Welcome to Weird-Old-Ladyhood (OR Why didn’t I quit Facebook sooner?)

This morning, I deactivated my Facebook account. I’m still on social media elsewhere, but Facebook in particular really feeds my anxiety and negative feelings, so it had to go. I’m in the process of learning to do what I want and not just what will get me the most approval from people on the internet. It’s not that I don’t care what my friends and family think or that I don’t want to share my life with them, but I think the sharing I’ve been doing via Facebook has been tainted with approval-seeking and conflict-avoiding, and as a result, it’s been less than genuine. I’ve been writing more lately but keeping most of it close, and I’m starting to feel ready to share in a more real and honest way.

If you wanna see what I’ve been working on, I’m hoping to get braver about sharing things here, whether completed works or short snippets of ideas. When I have a poem or a couple lines that I like, I’ve been posting it on Instagram. Sometimes I post clips of songs I’m learning on the ukulele. I’m not a rock star or anything. I’m barely even a poet. (I mean, I am a poet in that cursed way that people with depression and an affinity for grammar tend to be.) But that’s ok. Right now, I am pretty much content with surviving.

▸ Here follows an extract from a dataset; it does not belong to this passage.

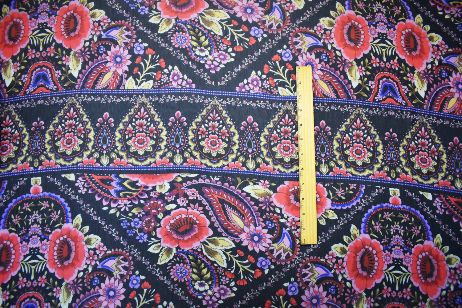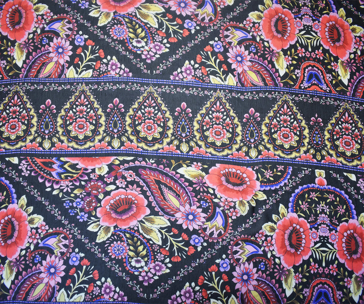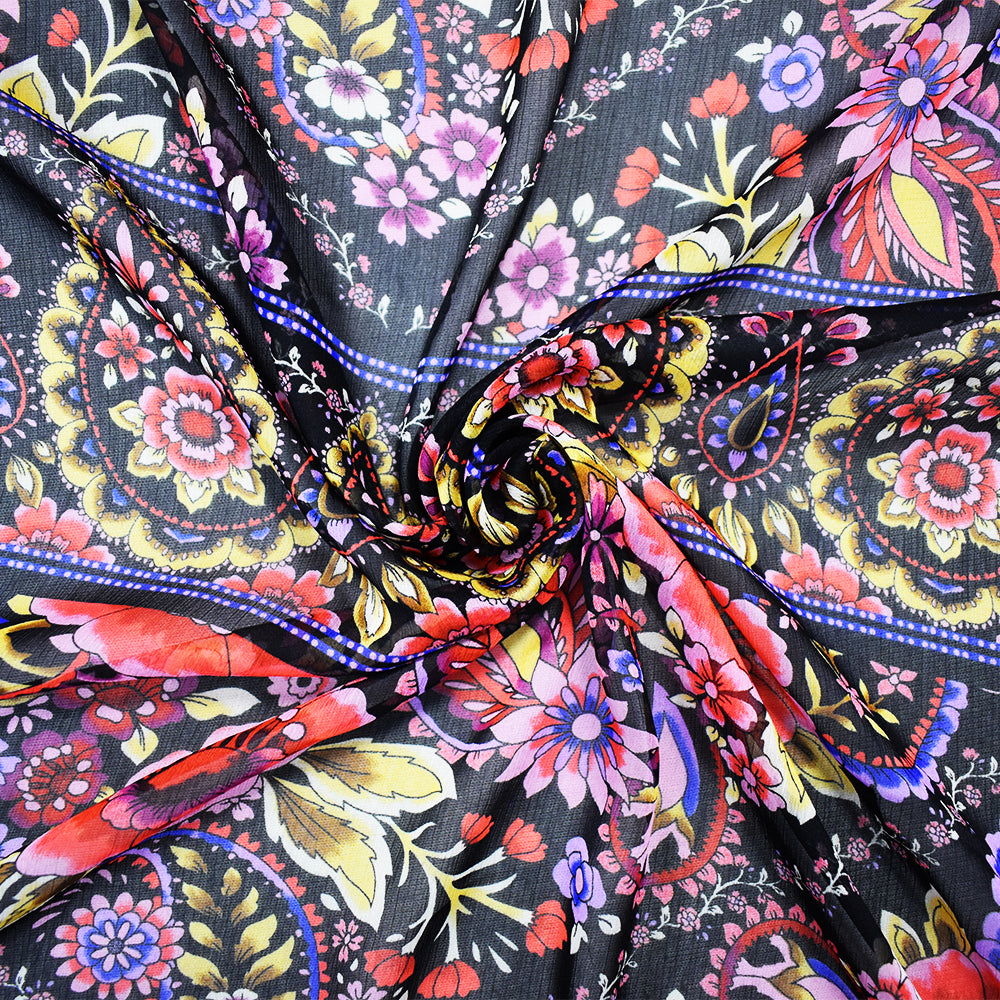 Black-Pink-Multi Poly Floral Printed Crinkle Yoryu Chiffon Woven Fabric

Part of what’s going on here is that I’ve been rather deeply depressed this winter, and the past couple years have gotten harder, but this year has been the worst. I am sure the political climate has a lot to do with it, plus the seemingly constant stream of violence and conflict in every other public arena. I was staying on Facebook because it was supposed to help me stay connected with my friends and family, but it was also serving as a surrogate news source, especially when I was “too busy” to seek other sources. But instead of being a good way to keep abreast of the issues that my community finds important, Facebook provides me a firehose of bad news supplemented with the reactions of all my acquaintances. As I read my timeline (not just daily, but compulsively throughout the day, even when I really don’t feel like it) I feel the same heartbreak and rage over and over again, then temporarily soothe it with cute cat videos or tear-jerking videos of the good side of humanity. I’ve been emotionally overdosing, using news and memes alternately the way people mixed uppers and downers in the 80s. This is not mentally or emotionally sustainable. If you’ve ever bleached and dyed your hair till it felt like Easter basket straw, I’d say that’s my approximate emotional condition at this time, and Facebook is a direct contributor to that.

With all that said, I’m gonna wrap this shit up by resigning myself to being that weird old lady with the blog no one reads because why the hell not? Better to be that than the sad, semi-suicidal old lady pretending everything’s ok to get more likes on Facebook.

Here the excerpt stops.